Problem to solve:
Two lines in the data below mark the range: the one with "Sandales en cuir" and the one with "1pc 18W 1800LM". Return both, along with every line between them, exactly.

Stored dataset items:
# # # # #

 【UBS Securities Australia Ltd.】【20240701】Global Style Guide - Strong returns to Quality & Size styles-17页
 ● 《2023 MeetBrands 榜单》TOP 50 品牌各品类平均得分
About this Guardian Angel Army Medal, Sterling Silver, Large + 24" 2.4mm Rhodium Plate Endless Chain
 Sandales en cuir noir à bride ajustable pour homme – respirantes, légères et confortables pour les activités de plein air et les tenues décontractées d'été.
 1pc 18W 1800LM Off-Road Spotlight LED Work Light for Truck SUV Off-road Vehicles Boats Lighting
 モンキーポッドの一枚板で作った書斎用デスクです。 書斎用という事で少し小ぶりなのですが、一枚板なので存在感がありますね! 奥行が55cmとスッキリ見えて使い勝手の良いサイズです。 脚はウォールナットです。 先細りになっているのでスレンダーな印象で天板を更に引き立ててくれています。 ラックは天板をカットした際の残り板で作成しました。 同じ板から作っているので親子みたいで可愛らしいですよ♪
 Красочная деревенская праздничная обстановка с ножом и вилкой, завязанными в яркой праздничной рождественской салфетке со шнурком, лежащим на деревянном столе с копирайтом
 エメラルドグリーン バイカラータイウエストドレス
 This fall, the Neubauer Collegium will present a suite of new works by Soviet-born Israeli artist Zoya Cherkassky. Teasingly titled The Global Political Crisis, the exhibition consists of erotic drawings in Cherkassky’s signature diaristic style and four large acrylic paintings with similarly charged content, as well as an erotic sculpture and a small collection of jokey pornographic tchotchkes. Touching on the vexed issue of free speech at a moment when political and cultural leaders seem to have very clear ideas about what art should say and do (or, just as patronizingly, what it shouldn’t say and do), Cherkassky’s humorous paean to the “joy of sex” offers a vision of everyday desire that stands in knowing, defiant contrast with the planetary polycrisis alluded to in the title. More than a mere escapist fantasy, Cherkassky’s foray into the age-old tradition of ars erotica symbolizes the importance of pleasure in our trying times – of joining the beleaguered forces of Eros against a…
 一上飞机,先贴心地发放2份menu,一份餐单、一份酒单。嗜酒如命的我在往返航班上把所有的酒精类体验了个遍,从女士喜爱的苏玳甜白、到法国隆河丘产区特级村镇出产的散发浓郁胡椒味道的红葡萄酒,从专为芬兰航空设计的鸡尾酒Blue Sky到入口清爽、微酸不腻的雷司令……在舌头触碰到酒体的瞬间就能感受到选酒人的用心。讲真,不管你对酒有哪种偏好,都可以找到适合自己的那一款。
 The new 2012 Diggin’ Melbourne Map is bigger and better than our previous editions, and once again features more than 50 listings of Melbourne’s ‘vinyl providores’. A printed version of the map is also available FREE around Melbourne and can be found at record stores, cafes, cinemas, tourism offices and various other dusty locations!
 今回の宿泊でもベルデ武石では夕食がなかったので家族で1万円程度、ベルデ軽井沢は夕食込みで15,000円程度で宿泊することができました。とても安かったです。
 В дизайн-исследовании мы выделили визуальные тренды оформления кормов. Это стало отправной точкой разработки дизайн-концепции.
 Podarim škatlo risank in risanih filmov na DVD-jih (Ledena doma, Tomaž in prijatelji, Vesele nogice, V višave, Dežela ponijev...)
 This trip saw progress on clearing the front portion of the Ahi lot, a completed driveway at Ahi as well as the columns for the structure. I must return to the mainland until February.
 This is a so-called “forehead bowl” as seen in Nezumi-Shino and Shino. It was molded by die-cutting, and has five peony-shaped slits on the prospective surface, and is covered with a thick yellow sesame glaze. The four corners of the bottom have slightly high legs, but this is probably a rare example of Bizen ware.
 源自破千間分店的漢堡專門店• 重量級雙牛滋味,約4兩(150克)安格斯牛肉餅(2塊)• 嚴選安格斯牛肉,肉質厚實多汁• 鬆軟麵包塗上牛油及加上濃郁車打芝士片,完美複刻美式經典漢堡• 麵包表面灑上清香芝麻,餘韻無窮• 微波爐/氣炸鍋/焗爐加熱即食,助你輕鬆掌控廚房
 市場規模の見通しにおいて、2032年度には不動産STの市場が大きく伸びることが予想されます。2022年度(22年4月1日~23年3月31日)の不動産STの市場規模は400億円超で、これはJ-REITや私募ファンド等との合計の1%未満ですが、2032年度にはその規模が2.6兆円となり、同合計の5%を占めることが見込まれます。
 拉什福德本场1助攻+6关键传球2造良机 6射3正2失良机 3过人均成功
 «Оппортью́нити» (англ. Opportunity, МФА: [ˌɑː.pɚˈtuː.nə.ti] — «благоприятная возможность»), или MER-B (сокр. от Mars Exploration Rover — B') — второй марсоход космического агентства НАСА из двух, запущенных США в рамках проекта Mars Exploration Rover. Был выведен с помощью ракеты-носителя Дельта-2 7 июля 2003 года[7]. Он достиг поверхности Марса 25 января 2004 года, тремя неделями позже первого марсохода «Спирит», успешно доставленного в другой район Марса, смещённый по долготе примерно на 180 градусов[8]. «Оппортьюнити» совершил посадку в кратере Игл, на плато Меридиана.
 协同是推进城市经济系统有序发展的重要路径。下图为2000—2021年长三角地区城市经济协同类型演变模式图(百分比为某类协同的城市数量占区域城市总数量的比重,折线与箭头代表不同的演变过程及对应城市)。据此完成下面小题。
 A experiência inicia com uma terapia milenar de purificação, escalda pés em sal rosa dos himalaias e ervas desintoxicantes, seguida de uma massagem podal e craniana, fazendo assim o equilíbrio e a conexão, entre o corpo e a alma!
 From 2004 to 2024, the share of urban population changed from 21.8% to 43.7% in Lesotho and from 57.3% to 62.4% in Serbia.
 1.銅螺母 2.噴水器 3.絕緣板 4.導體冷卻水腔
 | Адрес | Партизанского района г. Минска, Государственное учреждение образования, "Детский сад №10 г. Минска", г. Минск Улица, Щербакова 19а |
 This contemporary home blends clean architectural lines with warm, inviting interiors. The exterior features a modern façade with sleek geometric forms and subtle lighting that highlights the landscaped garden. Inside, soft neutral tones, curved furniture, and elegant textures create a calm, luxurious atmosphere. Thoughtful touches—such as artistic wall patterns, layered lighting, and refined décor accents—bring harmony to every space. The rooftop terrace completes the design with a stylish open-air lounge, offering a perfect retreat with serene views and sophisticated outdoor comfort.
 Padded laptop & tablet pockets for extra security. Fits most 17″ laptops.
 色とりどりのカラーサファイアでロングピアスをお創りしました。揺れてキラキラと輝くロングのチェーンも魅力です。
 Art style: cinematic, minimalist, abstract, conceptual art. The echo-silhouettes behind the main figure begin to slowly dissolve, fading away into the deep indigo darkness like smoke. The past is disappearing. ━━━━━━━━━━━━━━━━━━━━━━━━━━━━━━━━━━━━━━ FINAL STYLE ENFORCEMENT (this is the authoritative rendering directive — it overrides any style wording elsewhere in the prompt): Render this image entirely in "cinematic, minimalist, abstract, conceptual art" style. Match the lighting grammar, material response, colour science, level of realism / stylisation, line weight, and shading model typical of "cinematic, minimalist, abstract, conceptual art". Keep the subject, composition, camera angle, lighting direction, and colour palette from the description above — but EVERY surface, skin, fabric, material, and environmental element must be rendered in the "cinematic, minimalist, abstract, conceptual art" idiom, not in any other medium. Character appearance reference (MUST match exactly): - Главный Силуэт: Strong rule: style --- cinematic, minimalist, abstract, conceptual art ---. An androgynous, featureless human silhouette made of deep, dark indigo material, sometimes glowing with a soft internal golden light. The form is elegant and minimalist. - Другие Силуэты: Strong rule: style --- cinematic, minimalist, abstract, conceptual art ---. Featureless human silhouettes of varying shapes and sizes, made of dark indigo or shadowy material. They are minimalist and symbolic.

# # # # #

Result of the task:
 Sandales en cuir noir à bride ajustable pour homme – respirantes, légères et confortables pour les activités de plein air et les tenues décontractées d'été.
 1pc 18W 1800LM Off-Road Spotlight LED Work Light for Truck SUV Off-road Vehicles Boats Lighting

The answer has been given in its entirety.